Member of the Nebraska Legislature from the 49th district
- In office January 5, 1977 – November 1, 1983
- Preceded by: Leslie Stull
- Succeeded by: Sandra K. Scofield

Personal details
- Born: June 20, 1954 (age 72) Hemingford, Nebraska
- Party: Independent (1976–1980) Republican (1972–1976, 1980–present)
- Education: United States Merchant Marine Academy (B.S.) Creighton University School of Law (J.D.) Creighton University School of Medicine (M.D.)
- Occupation: Attorney

= Samuel Cullan =

American politician

Samuel K. Cullan (born June 20, 1954) is an American politician and attorney from Nebraska who served as a member of the Nebraska Legislature from the 49th district from 1977 to 1983. He was initially an independent but joined the Republican Party in 1980.

==Early life==
Cullan was born in Hemingford, Nebraska, in 1954. He grew up in Hemingford, and attended St. Agnes Academy in Alliance and graduated from Hemingford High School in 1972. Cullan was nominated for the United States Merchant Marine Academy by Senator Carl Curtis, and enrolled later that year. Cullan graduated from the Merchant Marine Academy in 1976.

==Nebraska Legislature==
In 1976, State Senator Leslie Stull, who represented the western Nebraska-based 49th district, ran for re-election to a third term, Cullan, a senior at the Merchant Marine Academy at the time, announced that he would challenge Stull for re-election. Cullan, who had originally registered to vote as a Republican, switched his party registration to independent prior to challenging Stull. Cullan campaigned little in the district prior to his graduation, and Stull placed first in the primary election by a wide margin, winning 63 percent of the vote to Cullen's 37 percent. In the general election, Cullan waged a "massive advertising and door-to-door campaign" against Stull, and ultimately defeated Stull in a "surprise upset," winning 53 percent of the vote to Stull's 47 percent.
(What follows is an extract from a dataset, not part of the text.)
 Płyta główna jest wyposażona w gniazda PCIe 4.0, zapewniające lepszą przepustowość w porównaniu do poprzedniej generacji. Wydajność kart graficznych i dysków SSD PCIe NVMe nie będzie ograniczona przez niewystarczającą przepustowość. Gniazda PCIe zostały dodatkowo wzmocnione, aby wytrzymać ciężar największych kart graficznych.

During Cullen's first term in the legislature, he enrolled as a law student at the Creighton University School of Law in the fall of 1979. He switched to the Republican Party in 1980, characterizing himself as a moderate-conservative, and noting that, because "Nebraska is a two-party state," if he was "involved in the Legislature, I have to function in the system." Cullan ran for re-election in 1980, and was re-elected unopposed.
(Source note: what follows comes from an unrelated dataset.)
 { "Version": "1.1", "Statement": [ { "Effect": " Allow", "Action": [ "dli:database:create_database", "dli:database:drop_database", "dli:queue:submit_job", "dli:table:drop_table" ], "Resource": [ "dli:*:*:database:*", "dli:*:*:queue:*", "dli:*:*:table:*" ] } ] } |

He graduated from law school in 1982, and was sworn in as an attorney by Chief Justice Norman Krivosha of the Nebraska Supreme Court on September 17, 1982. He joined his brothers, Dave and Dan Cullan, in their legal practice. On August 11, 1983, Cullan announced that he would resign from the legislature, effective November 1, to attend the Creighton University School of Medicine.

==Post-legislative career==
Cullan graduated from medical school in 1987, and practices as an attorney.